ASSIGNED TASK
Copy whichever lines of the data hold the word "your".

MATERIAL TO PROCESS
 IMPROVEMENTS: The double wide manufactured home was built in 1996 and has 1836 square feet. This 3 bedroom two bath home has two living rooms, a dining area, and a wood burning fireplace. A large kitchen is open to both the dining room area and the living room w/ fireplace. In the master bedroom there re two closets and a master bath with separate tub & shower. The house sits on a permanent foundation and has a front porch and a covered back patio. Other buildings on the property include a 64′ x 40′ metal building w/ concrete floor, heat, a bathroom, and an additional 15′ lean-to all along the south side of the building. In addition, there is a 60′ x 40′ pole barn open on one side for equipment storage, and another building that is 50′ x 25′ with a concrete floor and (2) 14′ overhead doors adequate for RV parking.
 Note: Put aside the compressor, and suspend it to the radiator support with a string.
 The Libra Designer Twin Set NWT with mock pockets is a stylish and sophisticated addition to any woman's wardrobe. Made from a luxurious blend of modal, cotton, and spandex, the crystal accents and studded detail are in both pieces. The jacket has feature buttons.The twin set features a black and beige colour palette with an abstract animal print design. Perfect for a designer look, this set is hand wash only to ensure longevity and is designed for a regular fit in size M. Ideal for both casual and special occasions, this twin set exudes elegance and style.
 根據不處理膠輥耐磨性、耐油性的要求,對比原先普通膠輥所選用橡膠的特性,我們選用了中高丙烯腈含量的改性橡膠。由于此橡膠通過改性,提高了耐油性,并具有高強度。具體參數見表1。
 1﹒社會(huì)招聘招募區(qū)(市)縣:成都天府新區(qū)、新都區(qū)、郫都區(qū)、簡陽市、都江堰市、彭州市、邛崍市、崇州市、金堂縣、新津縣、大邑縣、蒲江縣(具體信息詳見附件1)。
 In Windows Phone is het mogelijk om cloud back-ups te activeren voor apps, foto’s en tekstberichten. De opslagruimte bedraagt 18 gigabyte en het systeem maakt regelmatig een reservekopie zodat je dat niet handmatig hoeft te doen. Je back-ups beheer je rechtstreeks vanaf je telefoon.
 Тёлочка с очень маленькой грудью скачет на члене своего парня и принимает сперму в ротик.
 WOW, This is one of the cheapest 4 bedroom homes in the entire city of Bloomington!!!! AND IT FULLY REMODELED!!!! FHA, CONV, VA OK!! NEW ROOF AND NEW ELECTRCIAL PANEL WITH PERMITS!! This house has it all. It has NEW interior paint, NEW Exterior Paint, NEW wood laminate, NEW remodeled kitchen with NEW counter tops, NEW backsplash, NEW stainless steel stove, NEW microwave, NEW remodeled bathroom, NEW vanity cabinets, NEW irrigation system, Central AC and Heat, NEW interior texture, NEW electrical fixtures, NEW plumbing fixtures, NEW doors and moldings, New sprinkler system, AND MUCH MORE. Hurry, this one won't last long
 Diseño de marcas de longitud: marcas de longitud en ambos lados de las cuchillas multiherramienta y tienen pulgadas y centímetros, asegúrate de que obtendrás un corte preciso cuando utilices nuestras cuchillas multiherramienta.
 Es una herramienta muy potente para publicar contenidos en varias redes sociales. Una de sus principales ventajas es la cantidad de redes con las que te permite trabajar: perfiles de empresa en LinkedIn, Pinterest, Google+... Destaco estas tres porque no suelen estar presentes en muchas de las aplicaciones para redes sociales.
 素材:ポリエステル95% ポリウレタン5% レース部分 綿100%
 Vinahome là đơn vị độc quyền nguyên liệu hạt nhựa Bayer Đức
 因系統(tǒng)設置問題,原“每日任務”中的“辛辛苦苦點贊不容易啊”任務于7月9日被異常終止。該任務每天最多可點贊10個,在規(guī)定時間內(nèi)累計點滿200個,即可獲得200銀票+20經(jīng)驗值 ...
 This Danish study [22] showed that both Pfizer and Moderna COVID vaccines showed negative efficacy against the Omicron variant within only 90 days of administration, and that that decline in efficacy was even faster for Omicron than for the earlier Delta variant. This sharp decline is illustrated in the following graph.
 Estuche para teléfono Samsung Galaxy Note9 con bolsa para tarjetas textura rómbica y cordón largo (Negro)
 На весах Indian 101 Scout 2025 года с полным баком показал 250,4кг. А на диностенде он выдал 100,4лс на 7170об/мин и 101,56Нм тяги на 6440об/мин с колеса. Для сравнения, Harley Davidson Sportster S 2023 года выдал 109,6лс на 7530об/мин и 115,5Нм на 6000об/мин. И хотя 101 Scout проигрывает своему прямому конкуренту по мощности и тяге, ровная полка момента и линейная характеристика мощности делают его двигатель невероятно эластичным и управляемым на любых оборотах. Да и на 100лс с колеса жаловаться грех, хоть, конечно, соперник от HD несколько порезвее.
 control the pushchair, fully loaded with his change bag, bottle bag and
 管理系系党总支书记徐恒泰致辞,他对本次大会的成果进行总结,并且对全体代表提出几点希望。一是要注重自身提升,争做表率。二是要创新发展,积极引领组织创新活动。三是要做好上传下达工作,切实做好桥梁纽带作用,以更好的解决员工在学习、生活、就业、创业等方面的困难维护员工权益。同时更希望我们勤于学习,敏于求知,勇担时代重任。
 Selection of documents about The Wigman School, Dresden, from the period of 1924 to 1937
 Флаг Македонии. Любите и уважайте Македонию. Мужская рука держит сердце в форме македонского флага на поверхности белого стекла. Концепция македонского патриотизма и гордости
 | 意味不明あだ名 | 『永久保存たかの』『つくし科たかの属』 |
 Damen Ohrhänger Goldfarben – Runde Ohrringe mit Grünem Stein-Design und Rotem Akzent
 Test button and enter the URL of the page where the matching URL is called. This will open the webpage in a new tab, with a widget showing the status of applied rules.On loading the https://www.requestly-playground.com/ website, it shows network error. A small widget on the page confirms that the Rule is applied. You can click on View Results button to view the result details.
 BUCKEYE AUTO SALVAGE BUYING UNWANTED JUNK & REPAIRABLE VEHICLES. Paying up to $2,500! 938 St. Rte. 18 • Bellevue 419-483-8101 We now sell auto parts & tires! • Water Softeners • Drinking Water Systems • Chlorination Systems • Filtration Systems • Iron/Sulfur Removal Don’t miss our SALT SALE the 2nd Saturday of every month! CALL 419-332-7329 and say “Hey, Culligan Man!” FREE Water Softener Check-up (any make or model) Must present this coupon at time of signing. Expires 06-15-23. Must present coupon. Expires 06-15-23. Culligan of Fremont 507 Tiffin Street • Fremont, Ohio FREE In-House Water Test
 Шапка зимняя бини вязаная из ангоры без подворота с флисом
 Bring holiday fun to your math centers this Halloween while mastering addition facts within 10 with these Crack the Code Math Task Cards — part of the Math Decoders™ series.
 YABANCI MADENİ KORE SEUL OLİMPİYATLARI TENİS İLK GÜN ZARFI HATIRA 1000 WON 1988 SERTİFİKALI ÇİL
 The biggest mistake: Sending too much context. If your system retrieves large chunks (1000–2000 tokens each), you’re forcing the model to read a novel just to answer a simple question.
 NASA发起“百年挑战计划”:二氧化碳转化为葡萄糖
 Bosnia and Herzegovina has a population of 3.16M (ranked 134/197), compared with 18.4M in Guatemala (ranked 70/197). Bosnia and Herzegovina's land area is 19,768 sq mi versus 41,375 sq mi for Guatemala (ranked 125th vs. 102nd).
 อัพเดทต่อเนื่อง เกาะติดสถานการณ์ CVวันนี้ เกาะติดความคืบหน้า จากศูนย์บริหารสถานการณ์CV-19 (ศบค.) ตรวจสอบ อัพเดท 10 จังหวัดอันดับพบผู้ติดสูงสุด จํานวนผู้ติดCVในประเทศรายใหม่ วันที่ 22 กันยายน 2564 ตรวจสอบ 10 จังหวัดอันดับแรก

SOLUTION TO THIS TASK
 Bring holiday fun to your math centers this Halloween while mastering addition facts within 10 with these Crack the Code Math Task Cards — part of the Math Decoders™ series.
 The biggest mistake: Sending too much context. If your system retrieves large chunks (1000–2000 tokens each), you’re forcing the model to read a novel just to answer a simple question.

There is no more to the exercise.